EXERCISE REQUIREMENTS:
All of the data that follows is to be printed exactly, without pictures.

DATASET EXTRACT:

-------

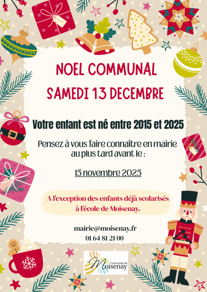 Si votre enfant est né entre 2015 et 2025 et qu’il n’est pas scolarisé à Moisenay il est nécessaire de vous faire connaître en mairie pour qu’il soit inscrit sur les listes dans le cadre du Noël communal
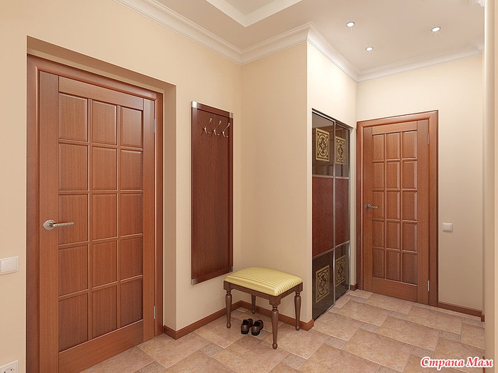 В прихожих обычно недостаточно света, поэтому оптимальные цвета стен и потолка в них должны быть светлыми и холодными. Освещение в прихожей лучше сделать ярким, стоит подумать о дополнительном освещении зеркала и о точечных светильниках для шкафа или полок. Зону прямо у входной двери практичнее выкладывать плиткой, ковролин в прихожей не слишком уместен, а линолеум или ламинат нужно выбирать с высокой износостойкостью.
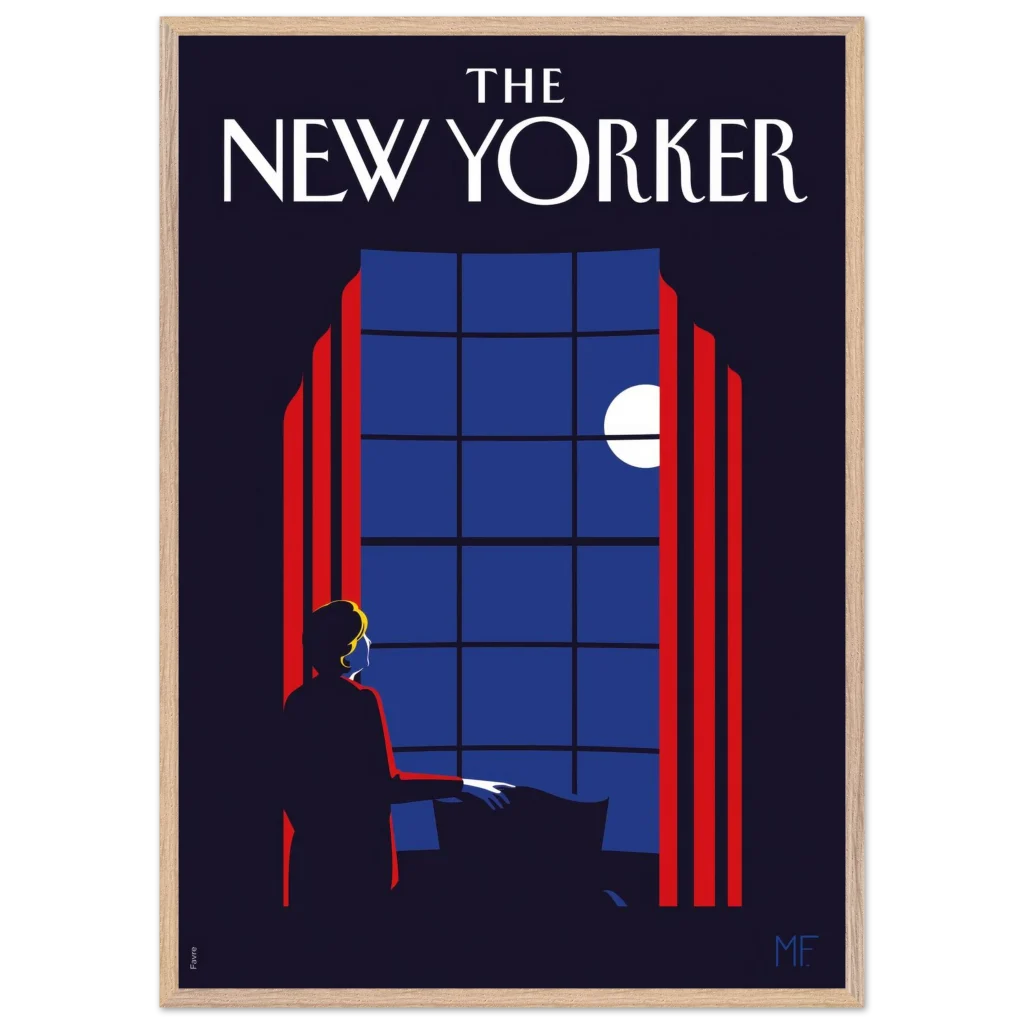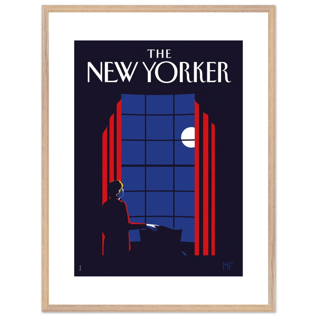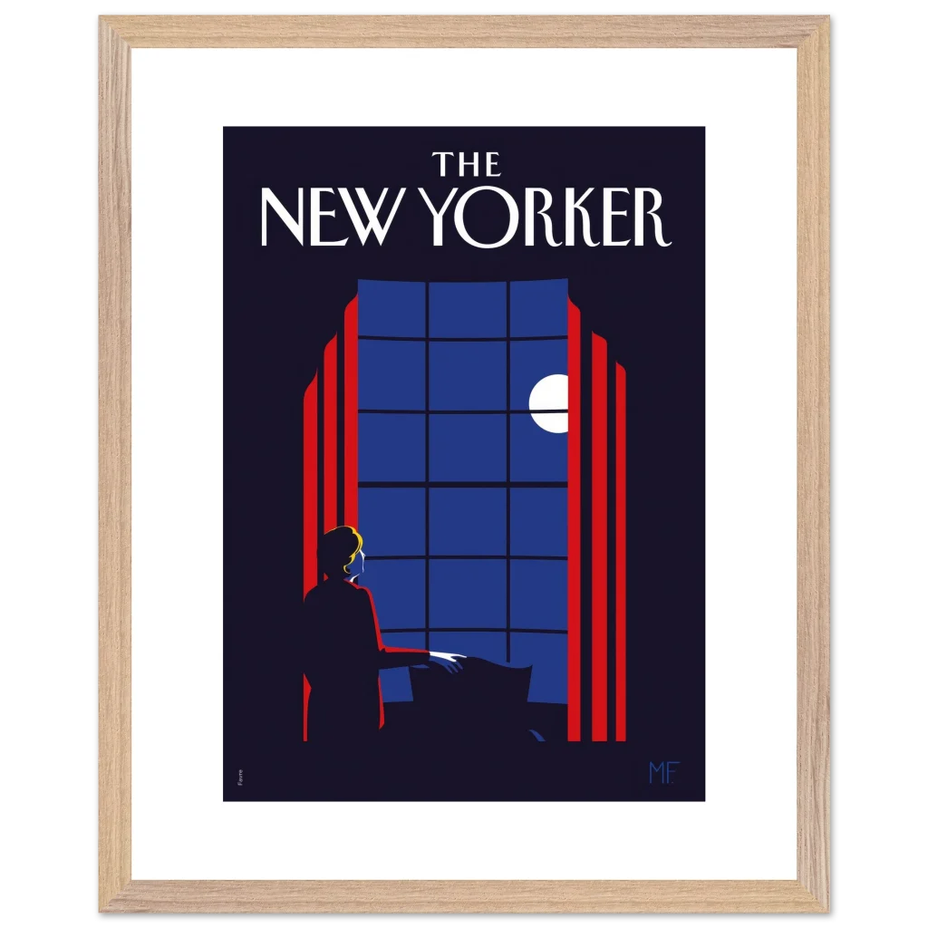 Moonlit Contemplation – The New Yorker Magazine Cover Premium Framed Art Print, Featuring Bold Colors and Iconic Style

-------

EXERCISE ANSWER:
 Si votre enfant est né entre 2015 et 2025 et qu’il n’est pas scolarisé à Moisenay il est nécessaire de vous faire connaître en mairie pour qu’il soit inscrit sur les listes dans le cadre du Noël communal
 В прихожих обычно недостаточно света, поэтому оптимальные цвета стен и потолка в них должны быть светлыми и холодными. Освещение в прихожей лучше сделать ярким, стоит подумать о дополнительном освещении зеркала и о точечных светильниках для шкафа или полок. Зону прямо у входной двери практичнее выкладывать плиткой, ковролин в прихожей не слишком уместен, а линолеум или ламинат нужно выбирать с высокой износостойкостью.
 Moonlit Contemplation – The New Yorker Magazine Cover Premium Framed Art Print, Featuring Bold Colors and Iconic Style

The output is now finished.